## Exercise
Please restate the data that follows word for word, with the pictures left out.

## Supplied records
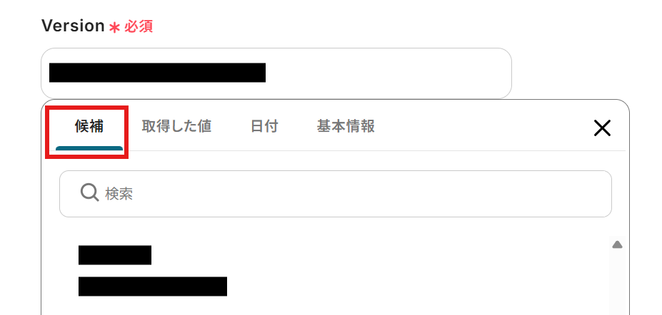 Version:入力欄をクリックすると候補が表示されるので、その中から選択しましょう。ただし、候補はProject IDとIssue IDを設定してからでないと表示されないので、先に設定を済ませておきましょう。
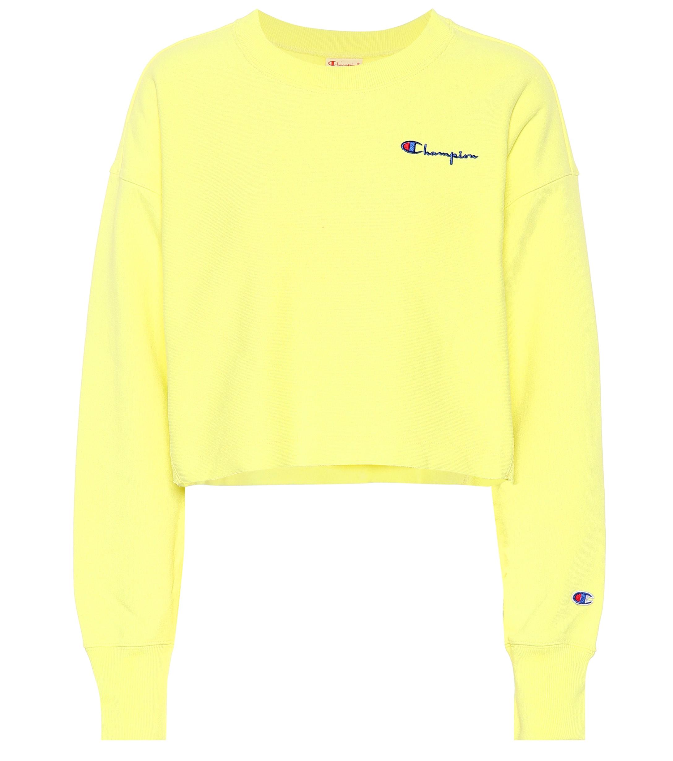 Champion, label culte des années 80/90, fête son grand retour en signant ce sweat-shirt en coton jaune pastel, discrètement brodé du logo sur la poitrine et la manche droite. Coloris : jaune
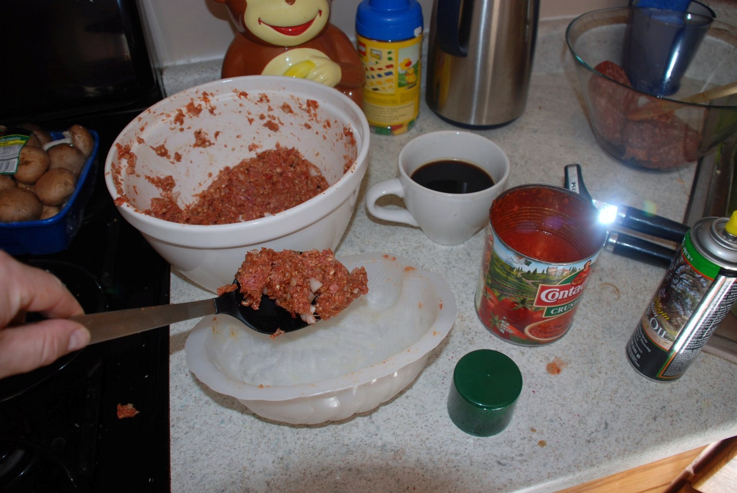 I figured I might make brain-replacement cuisine, much in the same fashion as Tofurkey and Surimi (fake crab). The idea is to bring Zombies softly off of their need for brains, and for this I created Zombie Meatloaf presented here step -by-step with recipe and pictures.
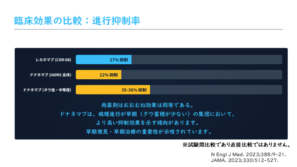 より高い抑制効果を示す傾向があります。 早期発見・早期治療の重要性が示唆されています。 臨床効果の比較:進行抑制率 N Engl J Med. 2023;388:9-21.
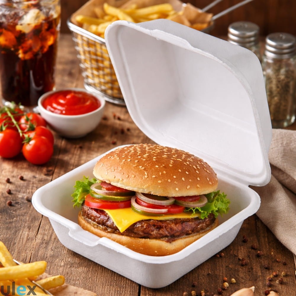 Pojemnik z włókna roślinnego jest idealny dla restauracji, food trucków, barów szybkiej obsługi oraz firm cateringowych oferujących dania na wynos. Solidna konstrukcja ułatwia transport potraw i pomaga utrzymać ich formę podczas dostawy. Burger Box może być używany zarówno do dań ciepłych, jak i zimnych, dlatego sprawdza się przy burgerach, wrapach, przekąskach oraz lunch boxach.
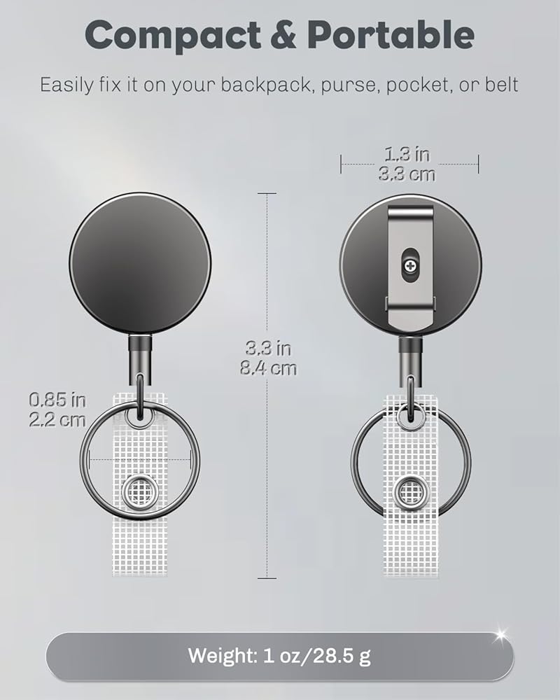 Heavy Duty: The retractable keychain comes with a robust zinc alloy casing. Super tough and reliable for constant use. It won't be broken easily even if dropped or bumped frequently
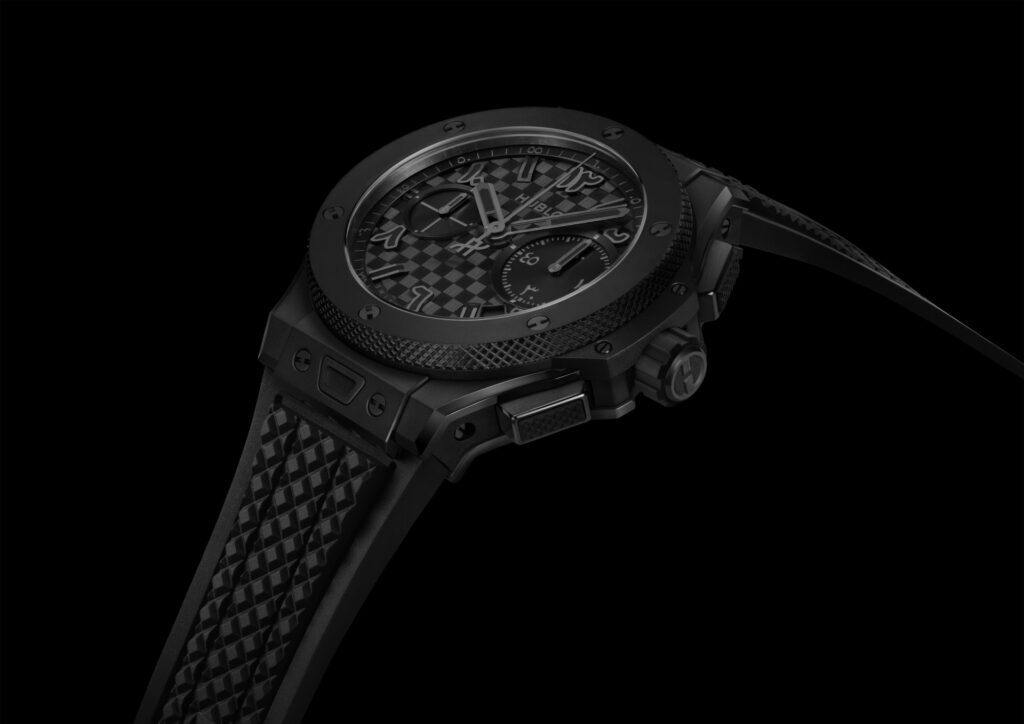Лимитированная серией 10 экземпляров модель Hublot Big Bang All Black Ahmed Seddiqi 75th Anniversary получила корпус из черной керамики и механизм с ротором из 22-каратного золота. Заводная головка и кнопки хронографа титановые, с каучуковым покрытием на заводной головке и каучуковыми вставками на кнопках.
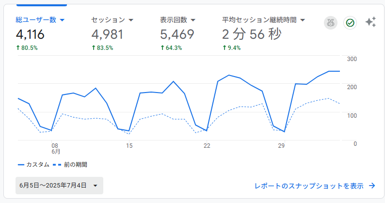 直近30日間のアクセス解析において、広告を一切使わない自然流入のみで、ユニークユーザー数が4,000人を突破しました。

## Output of the exercise
 Version:入力欄をクリックすると候補が表示されるので、その中から選択しましょう。ただし、候補はProject IDとIssue IDを設定してからでないと表示されないので、先に設定を済ませておきましょう。
 Champion, label culte des années 80/90, fête son grand retour en signant ce sweat-shirt en coton jaune pastel, discrètement brodé du logo sur la poitrine et la manche droite. Coloris : jaune
 I figured I might make brain-replacement cuisine, much in the same fashion as Tofurkey and Surimi (fake crab). The idea is to bring Zombies softly off of their need for brains, and for this I created Zombie Meatloaf presented here step -by-step with recipe and pictures.
 より高い抑制効果を示す傾向があります。 早期発見・早期治療の重要性が示唆されています。 臨床効果の比較:進行抑制率 N Engl J Med. 2023;388:9-21.
 Pojemnik z włókna roślinnego jest idealny dla restauracji, food trucków, barów szybkiej obsługi oraz firm cateringowych oferujących dania na wynos. Solidna konstrukcja ułatwia transport potraw i pomaga utrzymać ich formę podczas dostawy. Burger Box może być używany zarówno do dań ciepłych, jak i zimnych, dlatego sprawdza się przy burgerach, wrapach, przekąskach oraz lunch boxach.
 Heavy Duty: The retractable keychain comes with a robust zinc alloy casing. Super tough and reliable for constant use. It won't be broken easily even if dropped or bumped frequently
Лимитированная серией 10 экземпляров модель Hublot Big Bang All Black Ahmed Seddiqi 75th Anniversary получила корпус из черной керамики и механизм с ротором из 22-каратного золота. Заводная головка и кнопки хронографа титановые, с каучуковым покрытием на заводной головке и каучуковыми вставками на кнопках.
 直近30日間のアクセス解析において、広告を一切使わない自然流入のみで、ユニークユーザー数が4,000人を突破しました。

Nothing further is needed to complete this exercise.